Our study has several strengths. Firstly, we prospectively validated our previous results by studying an independent large series of unselected patients. All patients of our series were managed in a substantially coherent way, at variance with previous studies suffering from a wide variability in criteria of admission [31], management, and discharge of pneumonia patients without follow up.
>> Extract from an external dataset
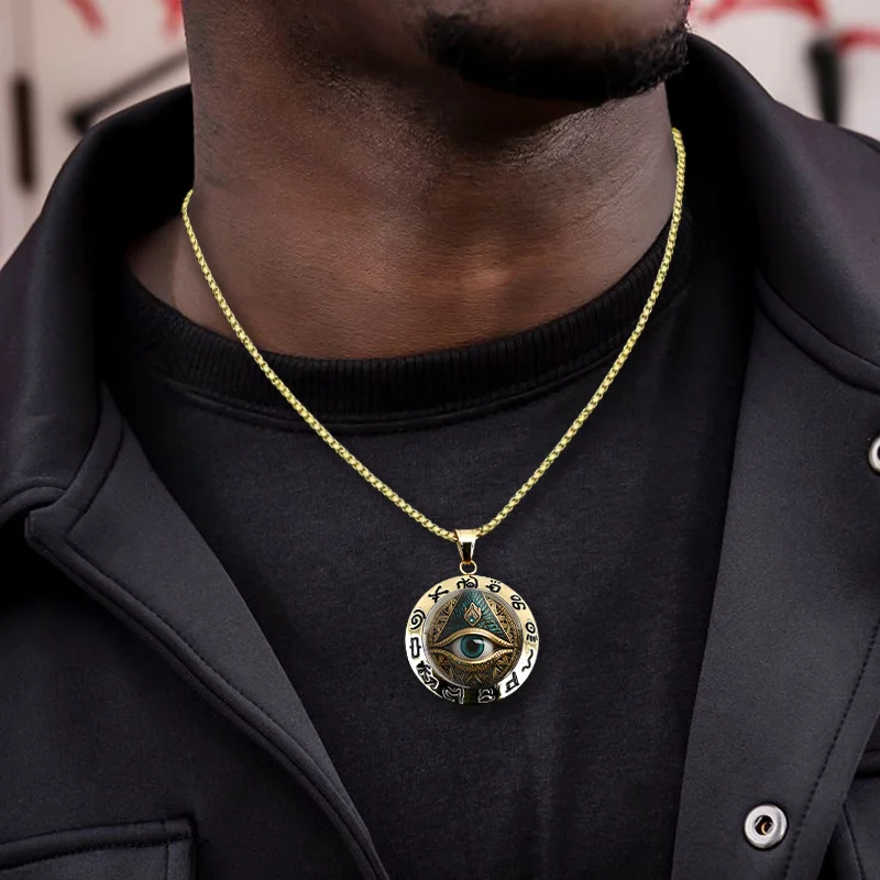 Forged in gold, bordered by the tongues of ancient script, this pendant carries the memory of an older sun — the one that shone before men forgot the language of light.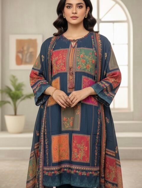 This beautifully crafted stitched 3-piece suit combines comfort, style, and elegance. The embroidered lawn shirt features intricate patterns that add a touch of sophistication, while the matching embroidered lawn dupatta complements the overall look perfectly. The dyed cotton trousers ensure comfort and a flawless fit, making this outfit ideal for casual gatherings, semi-formal events, or festive occasions. Lightweight and breathable, this suit keeps you stylish and comfortable all day long.

Our study has some limits, too. In fact, we tried to mimic the common practice through the unselective inclusion of all patients coming to the emergency room of our hospital and being suitable for subsequent (repeated) observation in our Internal Medicine department. Such a design was aimed to reduce possible observational bias, but this way we excluded patients with an insufficient number of TUS assessments, which implied the exclusion of patients admitted to other units, including ICU. Accordingly, the number of recruited patients with more severe disease and with likely more significant co-morbidities and further complications was lower. On the other hand, the exclusion of those managed as outpatients also excluded less severe cases. In addition, all TUS were performed by a highly trained staff and this could undermine the generalizability of our results. Actually, TUS requires a technically experienced operator and appropriate machine settings [11, 12, 30]. The clinical assessment of TUS consolidation mostly depends on the subjective expertise of the ultrasound operator, as in most sonographic diagnoses. Interpretation of TUS is not the easiest component of any ultrasound course and has many pitfalls, mostly for false-negative results. This is a risk increased by over-confidence [21]. As a fact, the negative ethical and potential medico-legal implications of omitting a CXR (co-morbidity associated, intraparenchimal not subpleural consolidation and therefore incorrect or incomplete diagnosis), particularly when addressing the therapeutic choices, are evident [34].

Conclusion

In conclusion, we exclude that TUS could reliably replace CXR, and we confirm that the assessment of physical signs, CXR, and biomarkers such as procalcitonin and CRP, remain the pillars for the diagnosis of pneumonia. On the other hand, TUS represents a highly valuable complementary imaging procedure, which can be performed at bedside, and easily repeated after the initial assessment. Therefore we recommend its use as a complementary and monitoring tool.